● TASK INPUT:
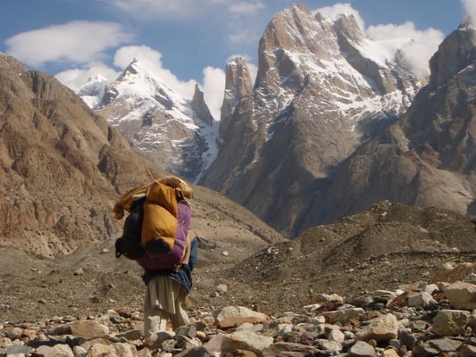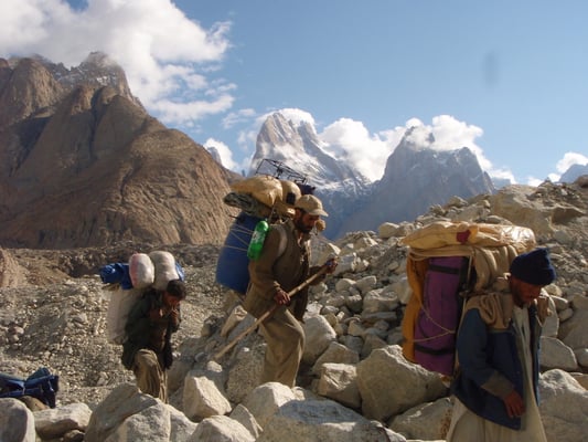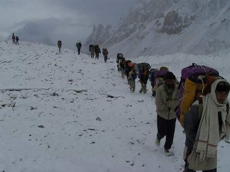 Mit uns unterwegs - 97 Balti, 2 Köche und ein Hochträger, die die Ausrüstung und Verpflegung für unseren 32-tägigen Aufenthalt im Basislager trugen.
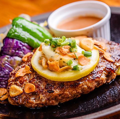 厳選素材を丁寧に下処理し、肉の旨みを凝縮させた自慢のハンバーグをアツアツの鉄板でご提供!ナイフを入れた瞬間に溢れ出すジューシーな肉汁と豊かな食感は、まさに感動体験です。特製のデミグラスソースが、肉の味わいをさらに引き立てます。お買い物の後の最高の締めくくりとして、ぜひお召し上がりください。
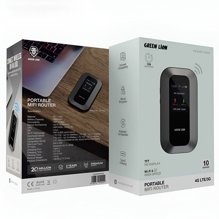 اگر بهدنبال یک مودم همراه قدرتمند، قابلحمل و با کیفیت ساخت بالا هستید، Green Lion Portable MiFi Router یکی از بهترین انتخابهای موجود در بازار است. این محصول با پشتیبانی از اینترنت 4G و فناوری Wi-Fi نسل ششم، اینترنتی سریع، پایدار و امن را در هر مکان برای شما فراهم میکند.
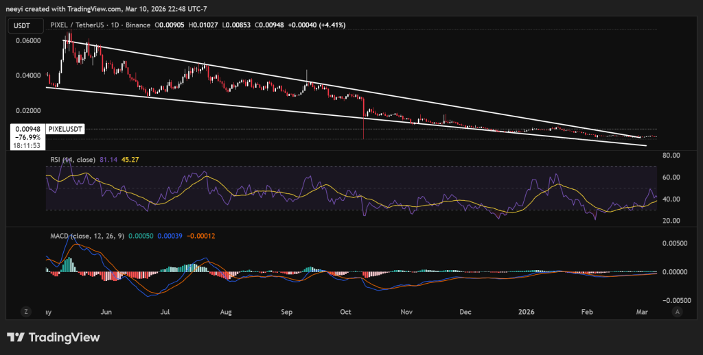 The immediate trend for PIXEL depends heavily on how markets react to the upcoming CPI data. Support sits near $0.0085, and holding this level would set up a potential test of the recent high around $0.00956. A successful break above that resistance could extend toward $0.011 in the next leg higher.
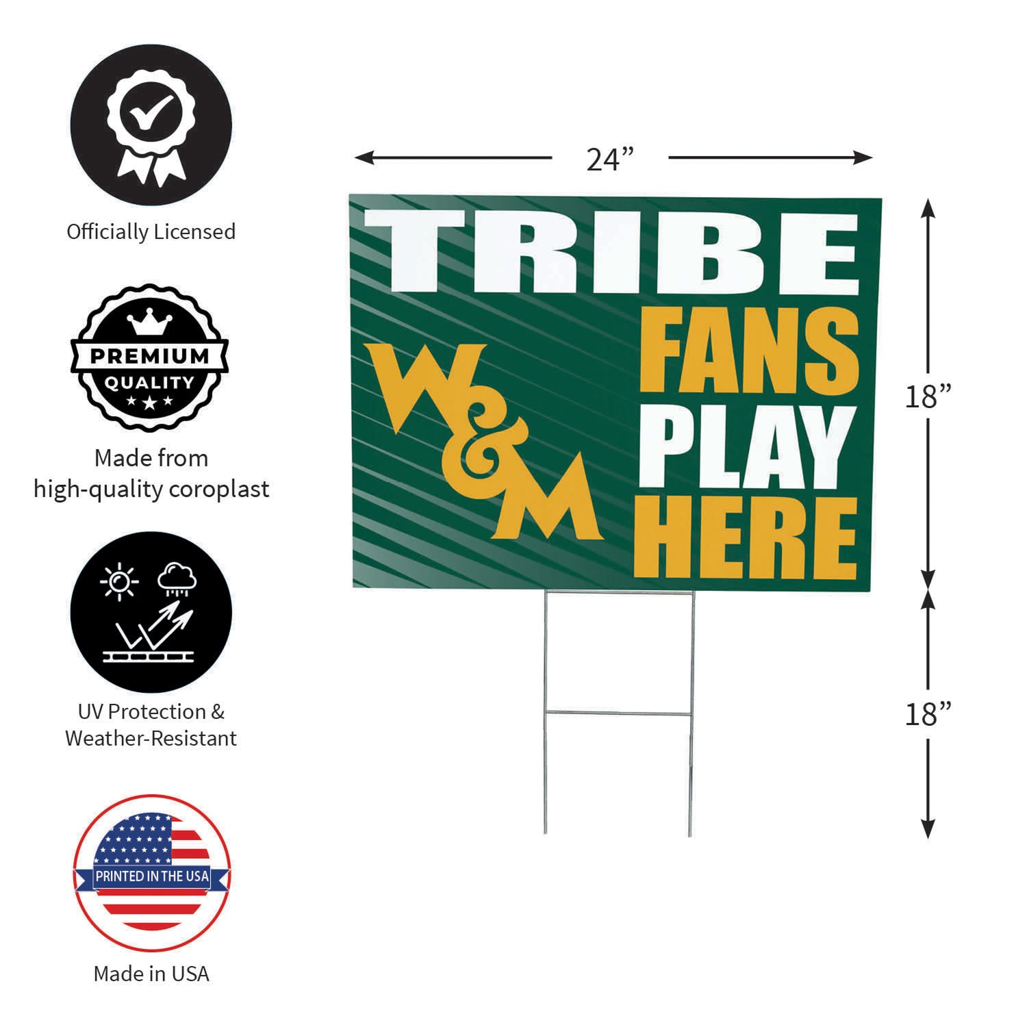 William & Mary Coroplast Yard Sign "Fans Play Here"

● WORK INSTRUCTION: The expected output is each record, copied exactly, and nothing in place of the pictures.

● THE COMPLETED TASK:
 Mit uns unterwegs - 97 Balti, 2 Köche und ein Hochträger, die die Ausrüstung und Verpflegung für unseren 32-tägigen Aufenthalt im Basislager trugen.
 厳選素材を丁寧に下処理し、肉の旨みを凝縮させた自慢のハンバーグをアツアツの鉄板でご提供!ナイフを入れた瞬間に溢れ出すジューシーな肉汁と豊かな食感は、まさに感動体験です。特製のデミグラスソースが、肉の味わいをさらに引き立てます。お買い物の後の最高の締めくくりとして、ぜひお召し上がりください。
 اگر بهدنبال یک مودم همراه قدرتمند، قابلحمل و با کیفیت ساخت بالا هستید، Green Lion Portable MiFi Router یکی از بهترین انتخابهای موجود در بازار است. این محصول با پشتیبانی از اینترنت 4G و فناوری Wi-Fi نسل ششم، اینترنتی سریع، پایدار و امن را در هر مکان برای شما فراهم میکند.
 The immediate trend for PIXEL depends heavily on how markets react to the upcoming CPI data. Support sits near $0.0085, and holding this level would set up a potential test of the recent high around $0.00956. A successful break above that resistance could extend toward $0.011 in the next leg higher.
 William & Mary Coroplast Yard Sign "Fans Play Here"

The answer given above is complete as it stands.